◆ **TASK TO CARRY OUT**
When you reach the line with "Adjustable shelving at 20mm Increments" in the records below, begin transcribing exactly and continue up to and including the line with "Figure 1: On", leaving out every picture.

◆ **WORKING DATA**

========================

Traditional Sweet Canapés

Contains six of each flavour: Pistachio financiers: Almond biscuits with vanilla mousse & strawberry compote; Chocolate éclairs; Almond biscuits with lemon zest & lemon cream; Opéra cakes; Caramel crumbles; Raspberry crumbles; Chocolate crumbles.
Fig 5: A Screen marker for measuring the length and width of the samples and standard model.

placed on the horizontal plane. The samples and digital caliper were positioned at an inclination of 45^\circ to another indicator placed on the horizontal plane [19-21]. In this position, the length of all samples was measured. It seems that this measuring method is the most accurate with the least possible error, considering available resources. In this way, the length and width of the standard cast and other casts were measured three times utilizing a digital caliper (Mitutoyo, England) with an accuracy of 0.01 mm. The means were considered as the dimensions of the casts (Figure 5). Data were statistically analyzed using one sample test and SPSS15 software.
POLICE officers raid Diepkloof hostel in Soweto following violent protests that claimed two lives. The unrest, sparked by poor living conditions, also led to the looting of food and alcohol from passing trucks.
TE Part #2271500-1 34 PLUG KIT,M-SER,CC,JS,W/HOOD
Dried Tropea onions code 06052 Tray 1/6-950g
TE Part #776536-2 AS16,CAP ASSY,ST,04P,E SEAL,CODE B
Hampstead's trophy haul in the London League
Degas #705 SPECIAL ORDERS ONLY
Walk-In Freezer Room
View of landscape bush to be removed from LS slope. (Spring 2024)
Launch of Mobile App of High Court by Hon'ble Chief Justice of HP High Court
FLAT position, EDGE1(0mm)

========================

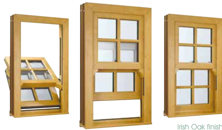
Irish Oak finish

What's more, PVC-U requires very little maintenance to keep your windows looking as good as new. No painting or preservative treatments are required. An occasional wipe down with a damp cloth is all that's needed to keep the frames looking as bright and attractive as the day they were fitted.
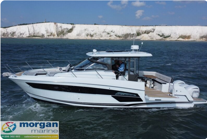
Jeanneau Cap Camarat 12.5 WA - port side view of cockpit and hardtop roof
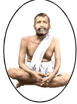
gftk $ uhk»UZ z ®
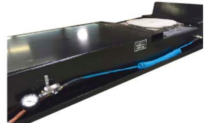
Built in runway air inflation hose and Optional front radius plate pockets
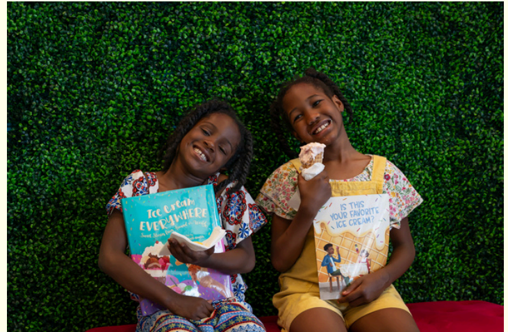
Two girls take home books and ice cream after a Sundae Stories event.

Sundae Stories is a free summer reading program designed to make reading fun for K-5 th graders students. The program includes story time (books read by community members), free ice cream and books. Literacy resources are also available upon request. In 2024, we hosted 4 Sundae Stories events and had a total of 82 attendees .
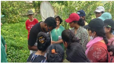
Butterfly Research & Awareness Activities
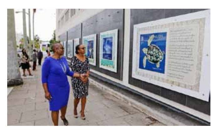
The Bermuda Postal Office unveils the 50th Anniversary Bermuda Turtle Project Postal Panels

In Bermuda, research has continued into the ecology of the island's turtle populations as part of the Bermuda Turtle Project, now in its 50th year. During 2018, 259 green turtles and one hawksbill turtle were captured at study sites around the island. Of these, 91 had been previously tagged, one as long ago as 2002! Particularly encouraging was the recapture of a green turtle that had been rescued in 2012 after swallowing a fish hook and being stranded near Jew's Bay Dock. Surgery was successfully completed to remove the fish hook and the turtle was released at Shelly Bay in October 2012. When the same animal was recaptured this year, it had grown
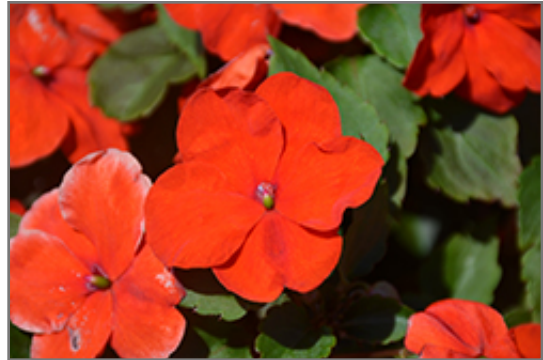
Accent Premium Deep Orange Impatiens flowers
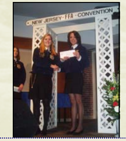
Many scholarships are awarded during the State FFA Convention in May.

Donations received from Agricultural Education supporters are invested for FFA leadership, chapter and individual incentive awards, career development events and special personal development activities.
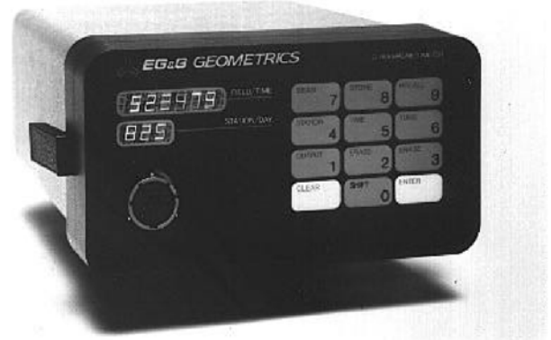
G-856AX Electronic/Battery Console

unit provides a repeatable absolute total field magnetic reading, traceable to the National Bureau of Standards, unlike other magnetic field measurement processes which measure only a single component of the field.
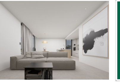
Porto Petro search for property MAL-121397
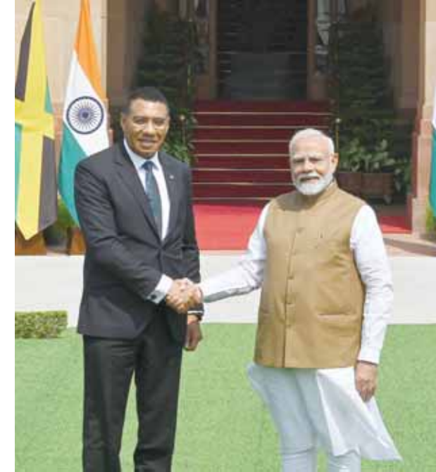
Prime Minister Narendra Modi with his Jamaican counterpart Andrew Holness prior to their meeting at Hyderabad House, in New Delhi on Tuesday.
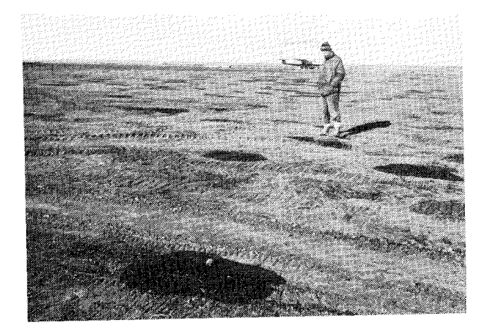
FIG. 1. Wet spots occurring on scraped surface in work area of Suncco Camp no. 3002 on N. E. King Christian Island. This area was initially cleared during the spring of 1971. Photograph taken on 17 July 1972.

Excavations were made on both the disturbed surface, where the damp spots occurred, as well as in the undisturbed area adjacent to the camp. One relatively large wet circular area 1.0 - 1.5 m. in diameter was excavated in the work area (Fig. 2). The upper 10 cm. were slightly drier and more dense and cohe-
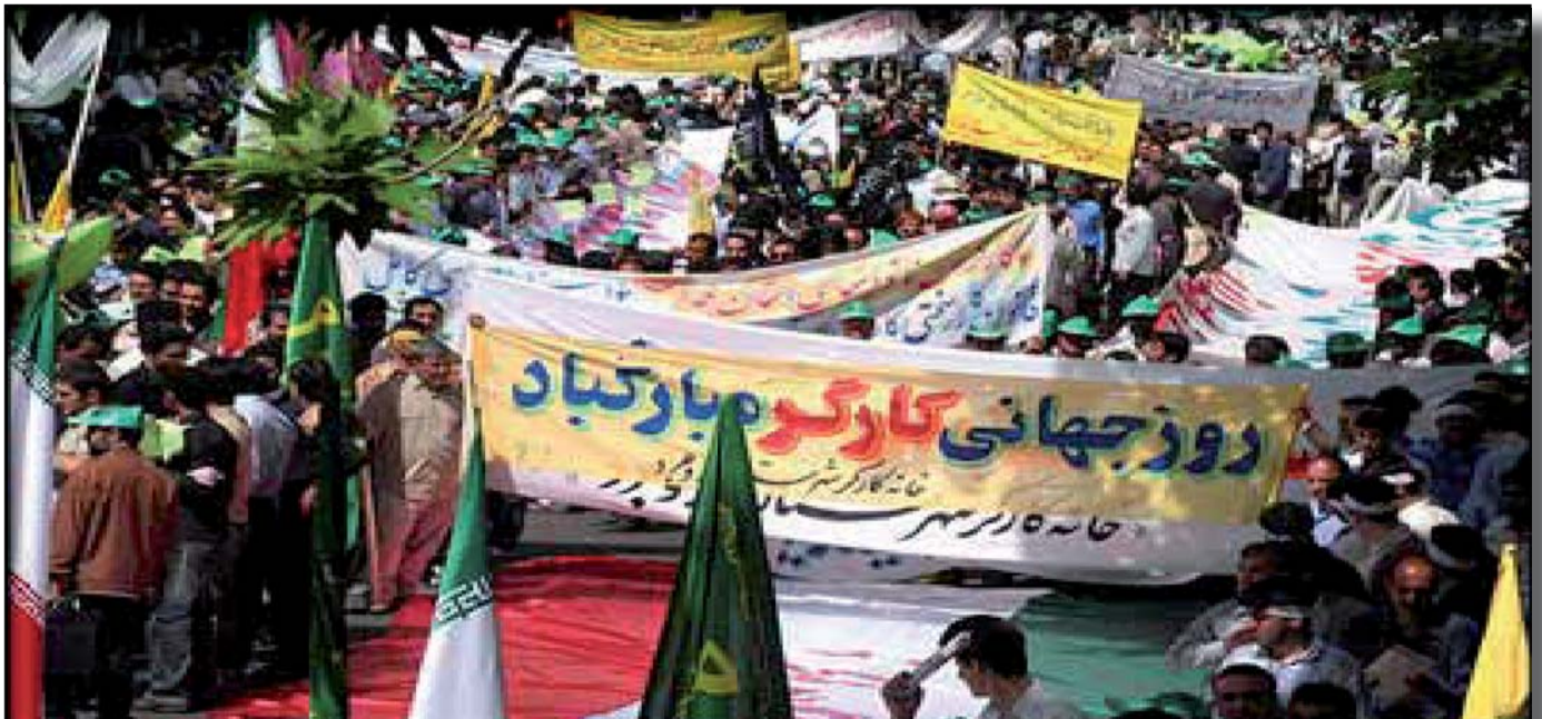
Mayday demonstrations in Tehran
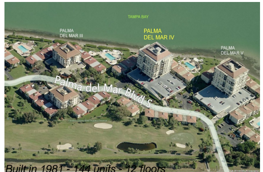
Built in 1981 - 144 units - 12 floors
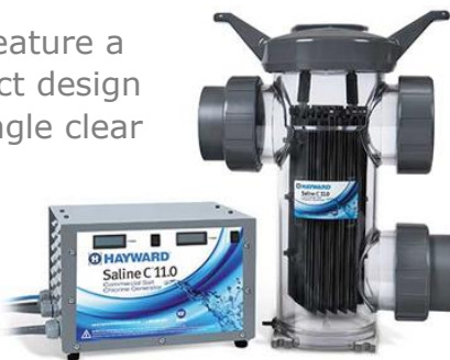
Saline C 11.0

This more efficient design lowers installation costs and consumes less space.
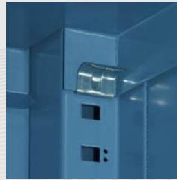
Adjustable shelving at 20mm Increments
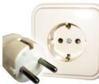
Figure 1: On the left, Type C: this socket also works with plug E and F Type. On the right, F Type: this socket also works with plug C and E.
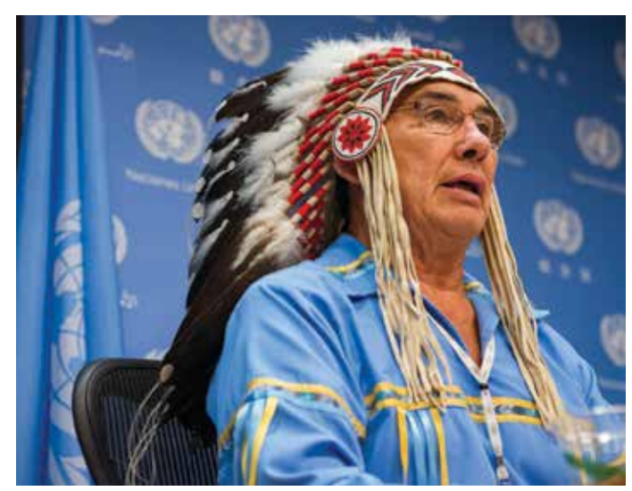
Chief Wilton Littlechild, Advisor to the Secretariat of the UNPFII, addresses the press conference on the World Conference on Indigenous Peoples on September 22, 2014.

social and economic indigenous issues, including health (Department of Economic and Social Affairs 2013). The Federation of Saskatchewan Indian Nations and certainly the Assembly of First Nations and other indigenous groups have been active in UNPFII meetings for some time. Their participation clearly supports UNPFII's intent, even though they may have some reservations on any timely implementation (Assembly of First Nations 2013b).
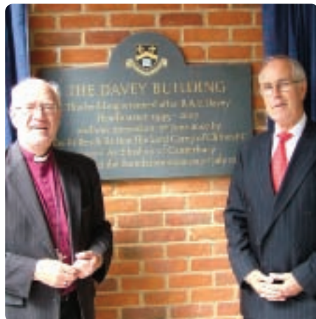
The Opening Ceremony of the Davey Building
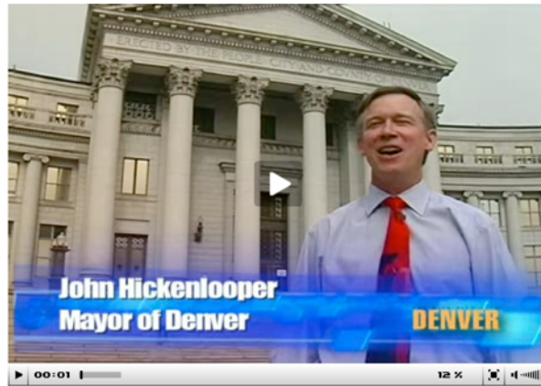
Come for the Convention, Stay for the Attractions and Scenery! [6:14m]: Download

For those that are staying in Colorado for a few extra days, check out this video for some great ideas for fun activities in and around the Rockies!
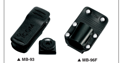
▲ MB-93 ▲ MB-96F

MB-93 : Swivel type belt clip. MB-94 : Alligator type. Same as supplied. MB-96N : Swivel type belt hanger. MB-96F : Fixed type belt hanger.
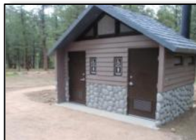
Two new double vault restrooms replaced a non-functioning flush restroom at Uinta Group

========================

◆ **EXERCISE OUTPUT**
Adjustable shelving at 20mm Increments
Figure 1: On the left, Type C: this socket also works with plug E and F Type. On the right, F Type: this socket also works with plug C and E.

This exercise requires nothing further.